In the Days of the Judges

In the period before the kings, Bethlehem appears as the home of unsettled travelers. A Levite young man "out of Beth-lehem-judah, of the family of Judah," sojourns there and then leaves "to sojourn where he could find [a place]," reaching the hill-country of Ephraim and the house of Micah (Jud 17:7-9). Another Levite "took to himself a concubine out of Beth-lehem-judah" (Jud 19:1), and the same man later describes his journey: "We are passing from Beth-lehem-judah to the farther side of the hill-country of Ephraim... and I went to Beth-lehem-judah" (Jud 19:18).

The Setting of Ruth

The Ruth narrative is rooted in this same Bethlehem-judah. "A certain man of Bethlehem-judah went to sojourn in the country of Moab, he, and his wife, and his two sons" (Ru 1:1). When Naomi returns with her Moabite daughter-in-law, she comes back to the town: "So they both went until they came to Bethlehem. And it came to pass, when they had come to Bethlehem, that all the city was moved about them, and [the women] said, Is this Naomi?" (Ru 1:19). Ruth's pledge to Naomi is given on the road there: "Don't entreat me to leave you, and to return from following after you, for where you go, I will go; and where you lodge, I will lodge; your people will be my people, and your God my God" (Ru 1:16). She gleans in a Bethlehem field: "Boaz came from Bethlehem, and said to the reapers, Yahweh be with you⁺. And they answered him, Yahweh bless you" (Ru 2:4). The attendant identifies her as "the Moabite damsel who came back with Naomi out of the country of Moab" (Ru 2:6), reporting her request, "Let me glean, I pray you⁺, and gather after the reapers among the sheaves" (Ru 2:7). She "stuck by the maidens of Boaz, to glean to the end of barley harvest and of wheat harvest; and she dwelt with her mother-in-law" (Ru 2:23). At the threshing-floor she answers Naomi, "All that you say I will do" (Ru 3:5); Boaz answers her, "And now, my daughter, don't be afraid; I will do to you all that you say; for all the city of my people does know that you are a worthy woman" (Ru 3:11). The marriage is sealed at the gate of Bethlehem with the witness blessing: "Yahweh make the woman who has come into your house like Rachel and like Leah, who both built the house of Israel: and do worthily in Ephrathah, and be famous in Bethlehem" (Ru 4:11). "So Boaz took Ruth, and she became his wife; and he entered her, and Yahweh gave her conception, and she bore a son" (Ru 4:13). The genealogies that follow run through this child to David: "and Salmon begot Boaz from Rahab; and Boaz begot Obed from Ruth; and Obed begot Jesse" (Mt 1:5), and again "the [son] of Jesse, the [son] of Obed, the [son] of Boaz, the [son] of Sala, the [son] of Nahshon" (Lu 3:32).

Birthplace of David

Jesse the Ephrathite of Beth-lehem-judah (1Sa 17:12) raises eight sons in the town, of whom "David was the youngest; and the three eldest followed Saul" (1Sa 17:14). David recalls his shepherd-work in those fields: "Your slave was shepherding his father's sheep; and when a lion or a bear came and took a lamb out of the flock" (1Sa 17:34). It is in this household that Samuel anoints him: "And he sent, and brought him in. Now he was ruddy, and had handsome eyes, and was good-looking. And Yahweh said, Arise, anoint him; for this is he. Then Samuel took the horn of oil, and anointed him in the midst of his brothers: and the Spirit of Yahweh came mightily on David from that day forward" (1Sa 16:12-13).

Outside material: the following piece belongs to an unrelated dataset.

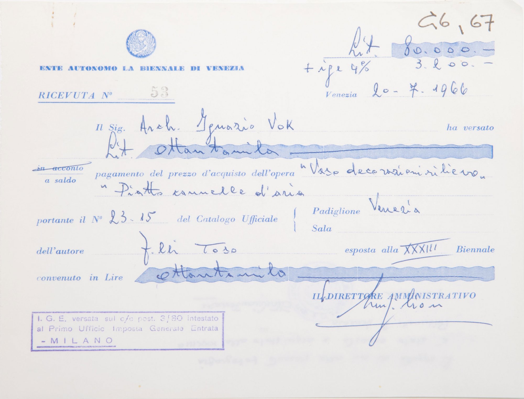 Diese Vase wurde auf der XXXIII. Biennale in Venedig 1966 ausgestellt und erworben. Die Original-Rechnung und eine zeitgenössische Fotoexpertise liegen vor und werden dem Käufer ausgehändigt. Vgl. Marina Barovier, Rosa Barovier Mentasti, Attilia Dorigato, Il Vetro di Murano alle Biennali 1895-1972, Mailand 1995, S. 210, Nr. 167.

The Philistine Garrison and the Well by the Gate

During David's stronghold years a Philistine occupying force holds Bethlehem: "And David was then in the stronghold; and the garrison of the Philistines was then in Beth-lehem" (2Sa 23:14). David's longing follows: "And David longed, and said, Oh that one would give me water to drink of the well of Beth-lehem, which is by the gate!" (2Sa 23:15). Three of his men break through to satisfy it: "And the three mighty men broke through the host of the Philistines, and drew water out of the well of Beth-lehem, that was by the gate, and took it, and brought it to David: but he would not drink of it, but poured it out to Yahweh" (2Sa 23:16). The episode belongs to the catalog of David's chief warriors — "These are the names of the mighty men whom David had: Jishbaal the Hachmonite, [of] the elite troops; the same was Adino the Eznite, against eight hundred slain at one time" (2Sa 23:8); "Now these are the chief of the mighty men whom David had, who showed themselves strong with him in his kingdom, together with all Israel, to make him king, according to the word of Yahweh concerning Israel" (1Ch 11:10) — set against the backdrop of perpetual Philistine pressure: "And there was intense war against the Philistines all the days of Saul: and when Saul saw any mighty man, or any son of valor, he took him to himself" (1Sa 14:52).

Rehoboam's Fortified City

After the kingdom divides, Bethlehem is among the cities Rehoboam fortifies for Judah's defense: "He built Beth-lehem, and Etam, and Tekoa" (2Ch 11:6).

The Promise of Micah

Micah names the village as the appointed source of a coming ruler: "But you, Beth-lehem Ephrathah, which are little to be among the thousands of Judah, out of you will one come forth to me who is to be ruler in Israel; whose goings forth are from of old, from everlasting" (Mic 5:2). The same association appears in the question raised in John's gospel: "Has not the Scripture said that the Christ comes of the seed of David, and from Bethlehem, the village where David was?" (Jn 7:42).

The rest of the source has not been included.